→ What you have to do
From the first line of the data below through the line holding "08-27新中式床 3d模型下载 [模型ID:1554]", output each line exactly and leave the pictures out.

→ Data extracts
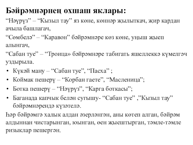 Слайд 22Бәйрәмнәрнең охшаш яклары:
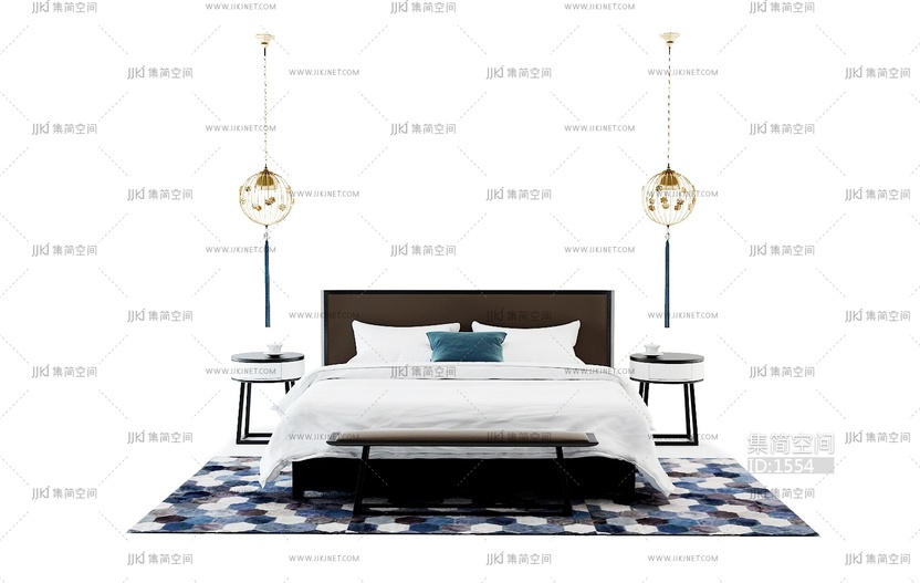 08-27新中式床 3d模型下载 [模型ID:1554]
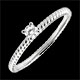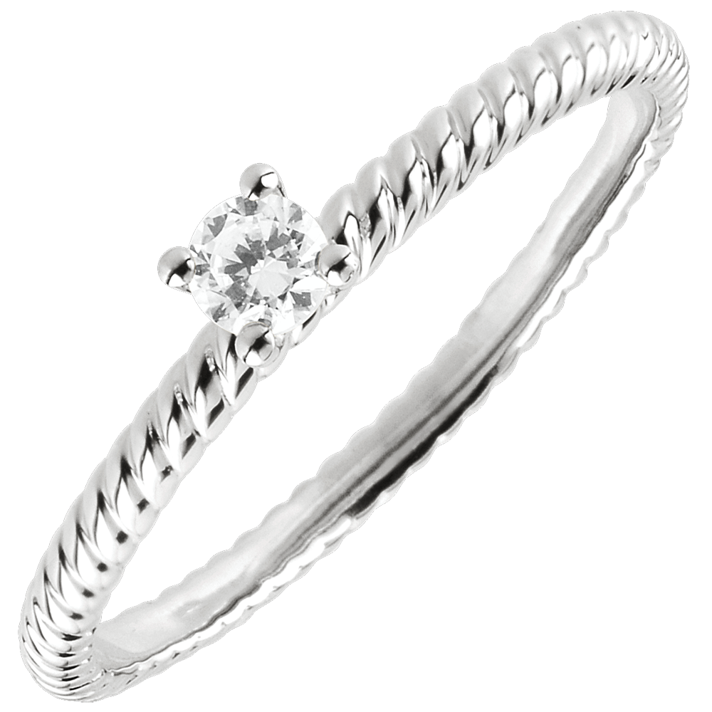 Un diamant solitaire maintenu par 4 griffes et posé sur un précieux cordage d'or. Une bague de fiançailles originale et intemporelle. 1 diamant : 0.1 carat - Or blanc (9 carats = 375/1000): 1.1 g. Plus dimensions
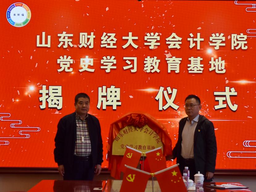 4月16日下午,会计学院党史学习教育基地揭牌仪式在奥斯福集团成功举行,会计学院党委书记邵文涛、奥斯福集团董事长李明共同为“山东财经大学会计学院党史学习教育基地”揭牌,各党支部书记和学生党员代表出席仪式。
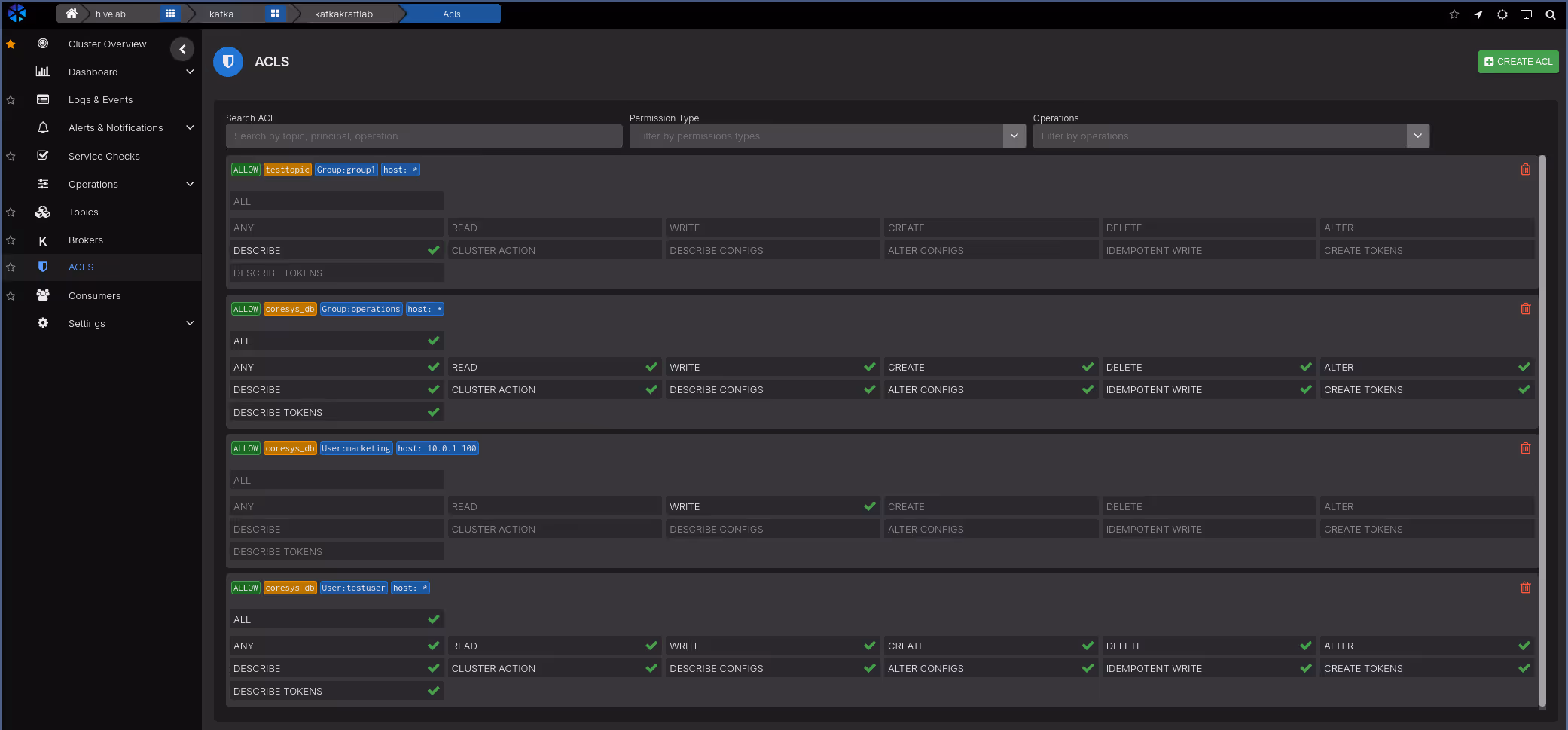 Easily maintain and update your topic ACLs including, user and group authentication, change history and drift detection.

→ Task solution
 Слайд 22Бәйрәмнәрнең охшаш яклары:
 08-27新中式床 3d模型下载 [模型ID:1554]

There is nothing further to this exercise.